BEGIN Exercise data
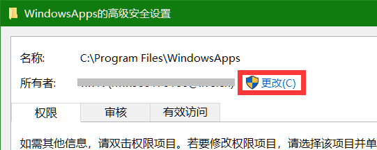 2.在打开的高级安全设置中,直接在所有者后点击“更改”。
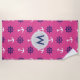 Cette conception de serviette de plage de monogramme par les ancres blanches de caractéristiques de Frog™ de toile de jute et bleu marine embarquent des roues sur un arrière - plan rose avec un cercle gris pour votre initiale. Customisez cette serviette de plage à la mode avec votre initiale. Cliquez sur la "personnaliser il !" boutonnez pour changer la taille des textes, la couleur des textes, le style de police et les plus ! Copyright ©2018 la toile de jute Frog™
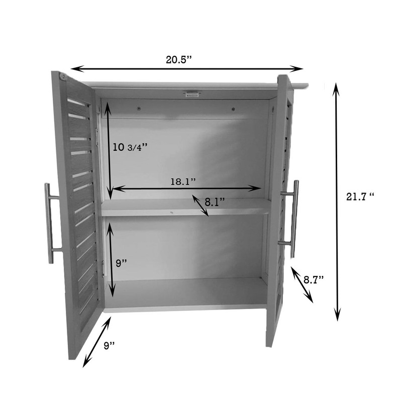- Features 2 painted oak painted color finish doors + one white shelf inside
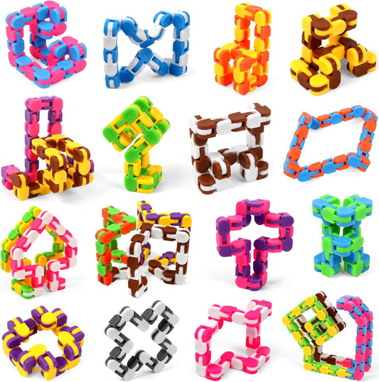 68 Pack 24 Links Wacky Tracks Snap and Click Fidget Toys,Fidget Snake Toy for Party Favors,Plastic Chains Finger Sensory Toys,Stress Relief Toys for Kids
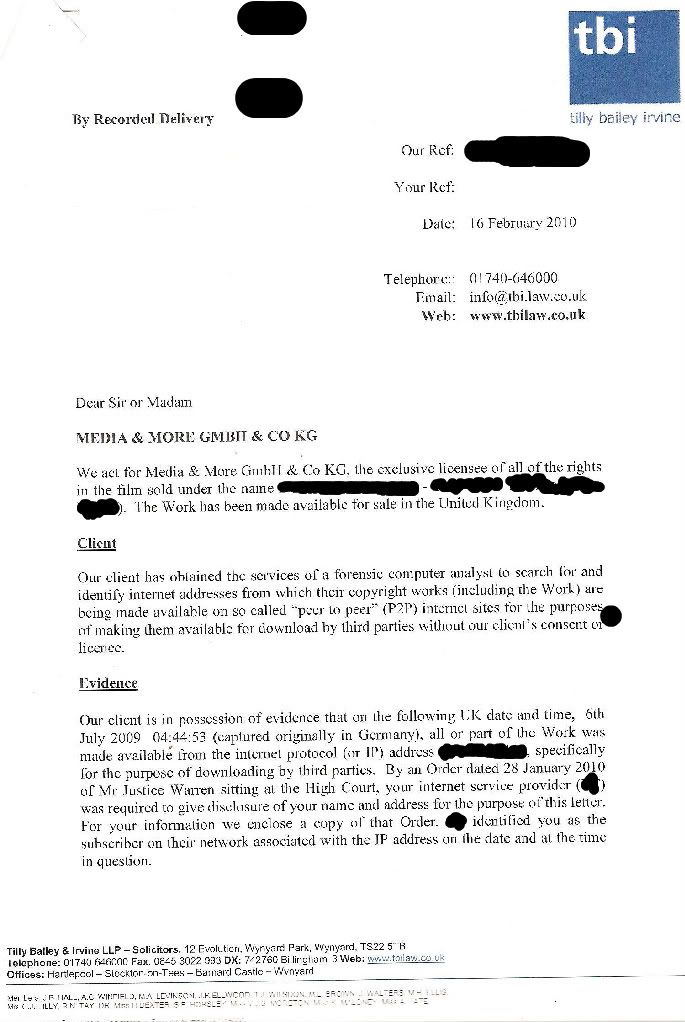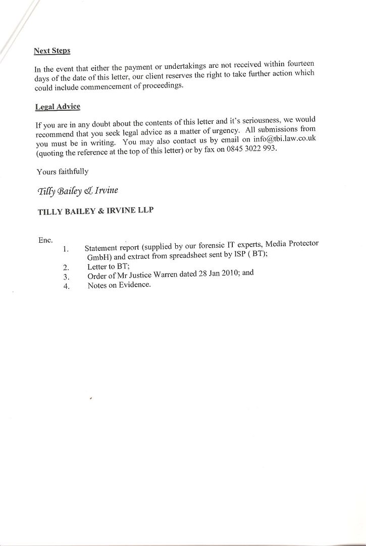 The only difference I can see is that TBI seem to be trying to outdo D/L in the agressiveness of their approach. They seem to be breaking the same pre-action protocols as all the other shy.. err ...law firms involved in this sca... err ...scheme.
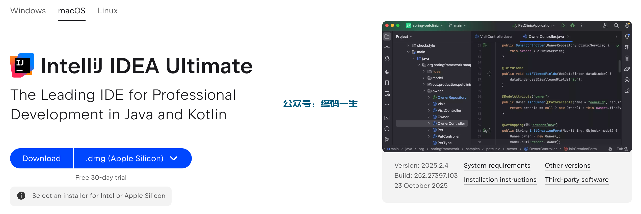 官方下载地址:https://www.jetbrains.com/idea/download/
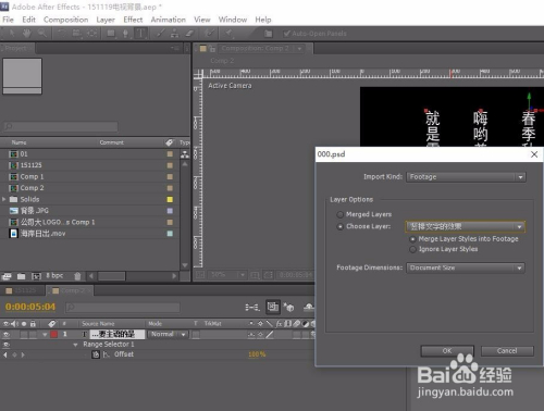 在PS中保留为PSD格局(或者是PNG格局)的文件,然后导入到AE之中即可。
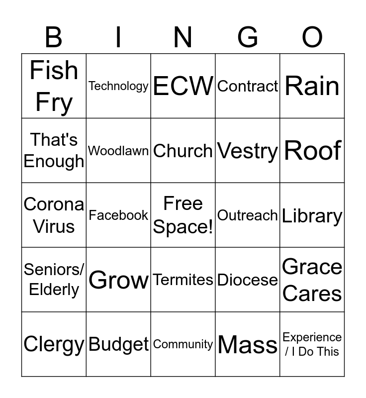 This bingo card has a free space and 24 words: Grow, Budget, Church, Clergy, Rain, Fish Fry, That's Enough, Technology, Outreach, Termites, Vestry, Corona Virus, Diocese, Grace Cares, Woodlawn, Mass, Library, ECW, Roof, Facebook, Experience / I Do This, Seniors/ Elderly, Contract and Community.
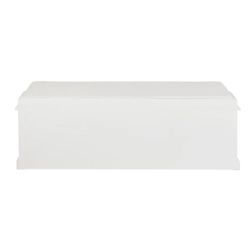 Le mobilier de cette collection en peuplier, paulownia et MDF au coloris blanc cassé mat s’harmonise parfaitement aux plateaux et aux tiroirs en rotin présents dans la plupart des meubles.
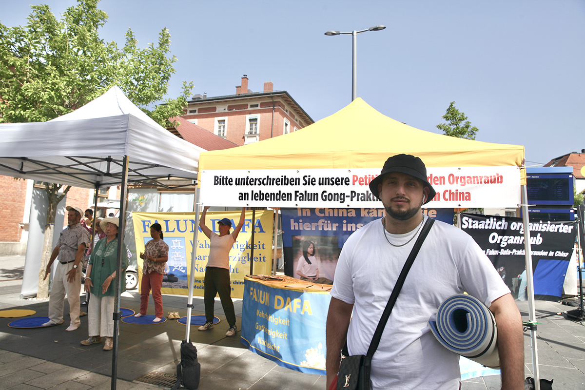 青年埃迪(Eddy)在展位跟学员交谈了挺长时间,他说上次在慕尼黑卡尔斯广场看到过法轮功学员举办的讲真相活动,并签了名。从交谈中埃迪得知法轮功学员只是因为修炼真、善、忍就遭受迫害,二十三年来中共禁止人们修真、善、忍,他说:“作为德国人当然了解自己的(纳粹)历史,我们只是从黑白照片中得知那时候我们这儿发生的事,实在无法想象。可是,当今还一直发生着这样的事,实在太残酷和不可思议了。”
END Exercise data
• **Work to complete**: Set every record down verbatim. No pictures belong in the copy.

• **Reply**:
 2.在打开的高级安全设置中,直接在所有者后点击“更改”。
 Cette conception de serviette de plage de monogramme par les ancres blanches de caractéristiques de Frog™ de toile de jute et bleu marine embarquent des roues sur un arrière - plan rose avec un cercle gris pour votre initiale. Customisez cette serviette de plage à la mode avec votre initiale. Cliquez sur la "personnaliser il !" boutonnez pour changer la taille des textes, la couleur des textes, le style de police et les plus ! Copyright ©2018 la toile de jute Frog™
- Features 2 painted oak painted color finish doors + one white shelf inside
 68 Pack 24 Links Wacky Tracks Snap and Click Fidget Toys,Fidget Snake Toy for Party Favors,Plastic Chains Finger Sensory Toys,Stress Relief Toys for Kids
 The only difference I can see is that TBI seem to be trying to outdo D/L in the agressiveness of their approach. They seem to be breaking the same pre-action protocols as all the other shy.. err ...law firms involved in this sca... err ...scheme.
 官方下载地址:https://www.jetbrains.com/idea/download/
 在PS中保留为PSD格局(或者是PNG格局)的文件,然后导入到AE之中即可。
 This bingo card has a free space and 24 words: Grow, Budget, Church, Clergy, Rain, Fish Fry, That's Enough, Technology, Outreach, Termites, Vestry, Corona Virus, Diocese, Grace Cares, Woodlawn, Mass, Library, ECW, Roof, Facebook, Experience / I Do This, Seniors/ Elderly, Contract and Community.
 Le mobilier de cette collection en peuplier, paulownia et MDF au coloris blanc cassé mat s’harmonise parfaitement aux plateaux et aux tiroirs en rotin présents dans la plupart des meubles.
 青年埃迪(Eddy)在展位跟学员交谈了挺长时间,他说上次在慕尼黑卡尔斯广场看到过法轮功学员举办的讲真相活动,并签了名。从交谈中埃迪得知法轮功学员只是因为修炼真、善、忍就遭受迫害,二十三年来中共禁止人们修真、善、忍,他说:“作为德国人当然了解自己的(纳粹)历史,我们只是从黑白照片中得知那时候我们这儿发生的事,实在无法想象。可是,当今还一直发生着这样的事,实在太残酷和不可思议了。”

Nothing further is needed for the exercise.